> WHAT YOU NEED TO DO
This exercise requires an exact output of the listing, images omitted.

> INPUT FOR THIS TASK
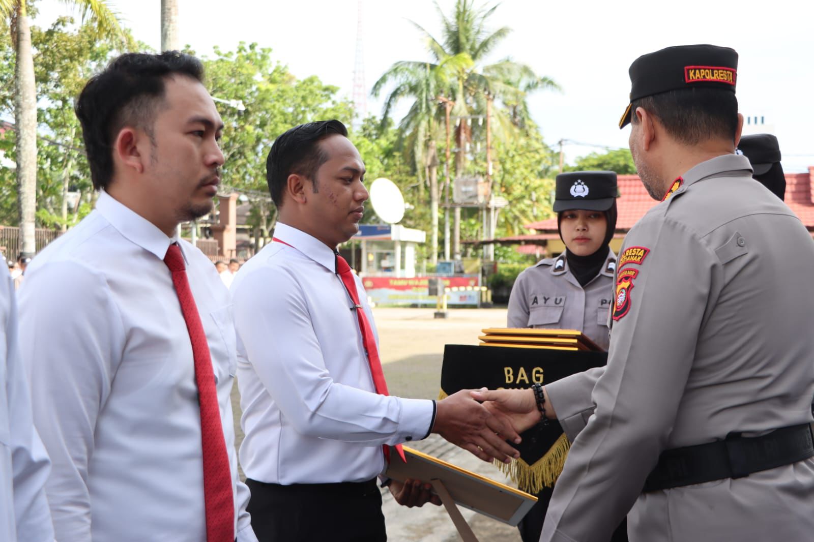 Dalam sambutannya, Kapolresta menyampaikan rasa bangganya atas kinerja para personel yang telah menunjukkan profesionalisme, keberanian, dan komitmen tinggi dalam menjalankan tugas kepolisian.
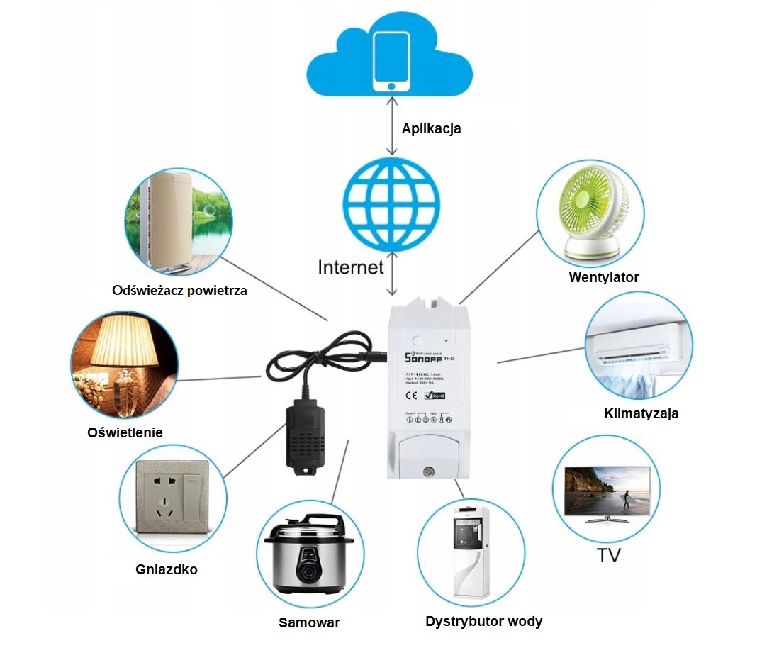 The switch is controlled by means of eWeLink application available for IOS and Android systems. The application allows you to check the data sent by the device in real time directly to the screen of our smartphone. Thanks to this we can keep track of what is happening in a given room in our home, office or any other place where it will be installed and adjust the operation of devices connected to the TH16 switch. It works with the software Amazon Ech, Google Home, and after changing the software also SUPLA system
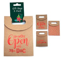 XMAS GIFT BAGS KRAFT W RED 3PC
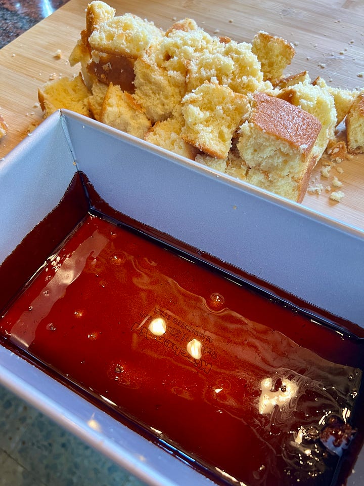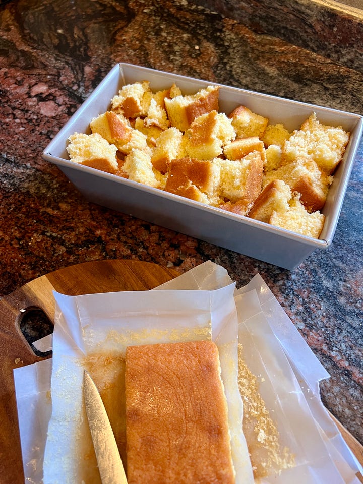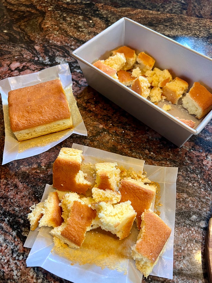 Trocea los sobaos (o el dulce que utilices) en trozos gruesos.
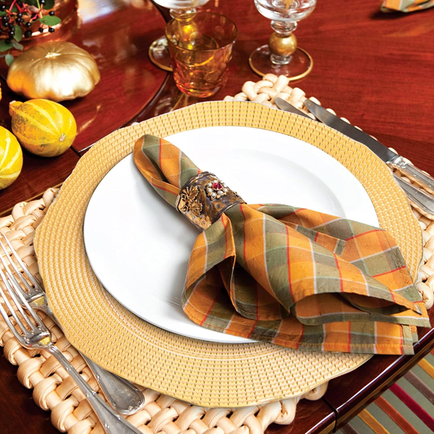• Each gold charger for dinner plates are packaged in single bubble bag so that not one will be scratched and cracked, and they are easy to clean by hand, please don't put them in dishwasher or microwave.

> OUTPUT
 Dalam sambutannya, Kapolresta menyampaikan rasa bangganya atas kinerja para personel yang telah menunjukkan profesionalisme, keberanian, dan komitmen tinggi dalam menjalankan tugas kepolisian.
 The switch is controlled by means of eWeLink application available for IOS and Android systems. The application allows you to check the data sent by the device in real time directly to the screen of our smartphone. Thanks to this we can keep track of what is happening in a given room in our home, office or any other place where it will be installed and adjust the operation of devices connected to the TH16 switch. It works with the software Amazon Ech, Google Home, and after changing the software also SUPLA system
 XMAS GIFT BAGS KRAFT W RED 3PC
 Trocea los sobaos (o el dulce que utilices) en trozos gruesos.
• Each gold charger for dinner plates are packaged in single bubble bag so that not one will be scratched and cracked, and they are easy to clean by hand, please don't put them in dishwasher or microwave.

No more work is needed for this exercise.